Automate it all: The collection, ingestion, organizing, storage and surfacing of massive amounts of data at as close to a near-real-time pace as possible has become almost impossible for humans to manage. Let the machines do it, Palmer urges. Areas ripe for automaton include “operations, repeatability, automated testing, and release of data.” Look to the ways DevOps is facilitating the automation of the software build, test, and release process, he points out.
Process data in both batch and streaming modes. While DataOps is about real-time delivery of data, there’s still a place — and reason — for batch mode as well. “The success of Kafka and similar design patterns has validated that a healthy next-generation data ecosystem includes the ability to simultaneously process data from source to consumption in both batch and streaming modes,” Palmer points out.
Track data lineage: Trust in the data is the single most important element in a data-driven enterprise, and it simply may cease to function without it. That’s why well-thought-out data governance and a metadata (data about data) layer is important. “A focus on data lineage and processing tracking across the data ecosystem results in reproducibility going up and confidence in data increasing,” says Palmer.
Have layered interfaces. Everyone touches data in different ways. “Some power users need to access data in its raw form, whereas others just want to get responses to inquiries that are well formulated,” Palmer says. That’s why a layered set of services and design patterns is required for the different personas of users. Palmer says there are three approaches to meeting these multilayered requirements:
“Data access services that are “View” abstractions over the data and are essentially SQL or SQL-like interfaces. This is the power-user level that data scientists prefer.
“Messaging services that provide the foundation for stateful data interchange, event processing, and data interchange orchestration.
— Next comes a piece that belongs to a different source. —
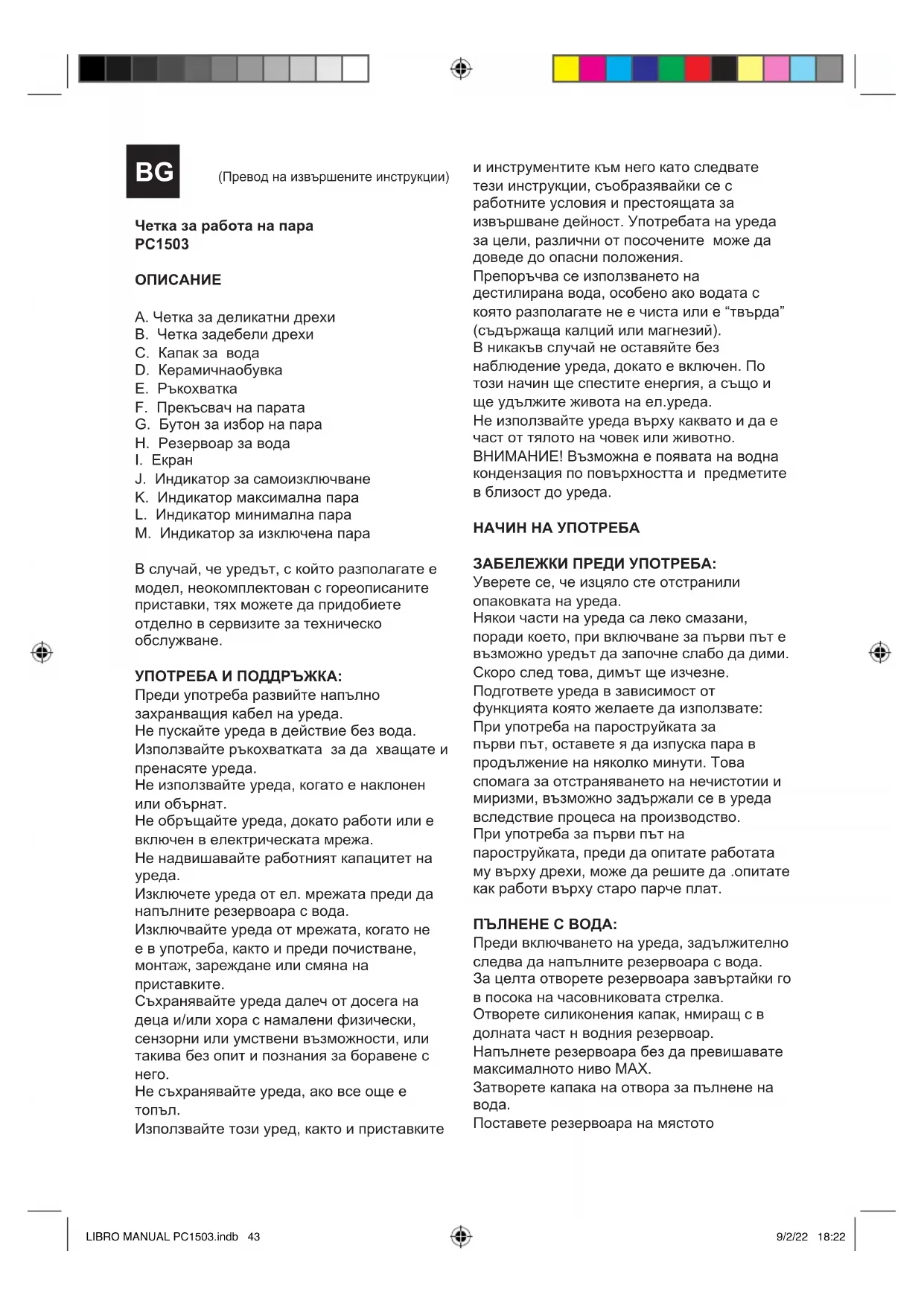 Натиснетебутоназаизбор на пара в продължение на няколко секунди. Ще видите, че свитлината на уреда се изключвá. Изключете уреда от захранващата мрежа. Източете водата от резервоара. Оставете го да изстине Почистете уреда. НАПАСВАНЕ НА ПРИСТАВКАТА Вниманиe. Преди да поставяте или сваляте приставки, винаги оставяйте пароструйката да изстине. Поставяне на приставки. 1 Подравнете долната част, изпъкваща от четката за плат към долния процеп на главата за пара. 2 Натиснете приставката, докато горната, подаваща се част, също щракне в горния процеп на главата за пара. САМОИЗКЛЮЧВАЩ СЕ Акоизделието не се използва в продължение на 20 минути, ще се включи светлинен индикатор „AUTO- OFF“ (червен LIBRO MANUAL PC1503.indb 44LIBRO MANUAL PC1503.indb 44 9/2/22 18:229/2/22 18:22Примигващ),, след което изделието се изключва автоматично. ТЕРМОЗАЩИТА ПРИ ПРЕГРЯВАНЕ: Уредът е снабден със защитен механизъм, предпазващ го от всякакъв вид прегряване. Ако уредът се изключи автоматично и не се включи повторно, извадете щепсела от ел. контакт, изчакайте около 15 минути и отново го включете. Ако пак не работи, обърнете се към оторизиран сервиз за техническо обслужване. ПОЧИСТВАНЕ НА КОТЛЕНИЯ КАМЪК В случай, че уредът започне да произвежда пара по-бавно, или престане да произвежда пара, след което започне отново да го прави, възможно е това да е знак, че уредът следва да се декалцифицира. Отстраняването на котления камък означава да се премахнат калциевите отлагания, образували се с течение на времето в металните части на пароструйката. За да поддържате оптимална ефективност на работа, моля почиствайте периодично котления камък. Честотата на почистване зависи от твърдостта на използваната вода и от честотата, с която се използвауредът
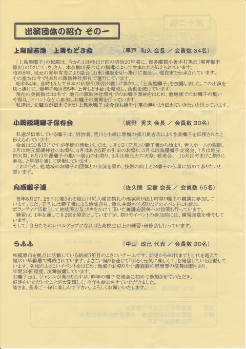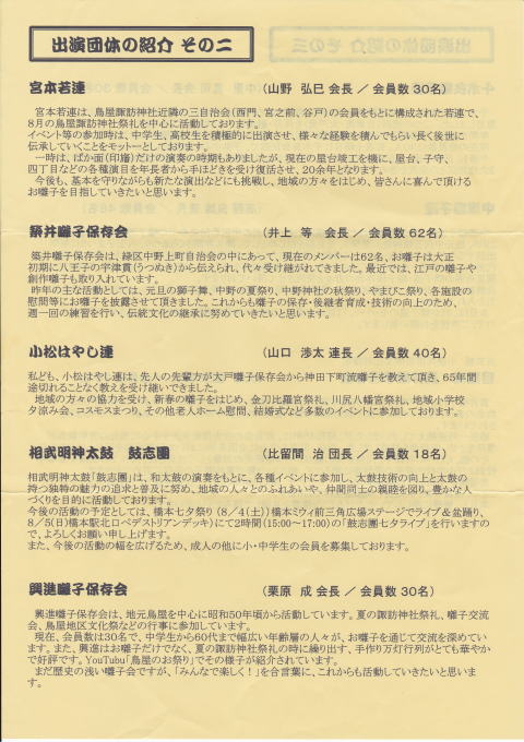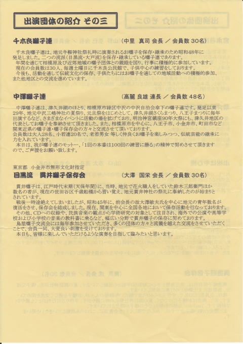 12団体の競演により、充実した一日となりました。 ご来場いただいた一般来場の皆様も、盛り上げていただき、ありがとうございました。 鳥屋囃子交流会 実行委員の皆様、競演した各団体の皆様、 お世話になりました。ありがとうございました。 |

“REST services built on or wrapped around APIs providing the ultimate flexible direct access to and interchange of data.”
Business leaders are increasingly leaning on their technology leaders and teams to transform their organizations into data-driven digital entities that can react to events and opportunities almost instantaneously. The best way to accomplish this — especially with the meager budgets and limited support that gets thrown out with this mandate — is to align the way data flows from source to storage.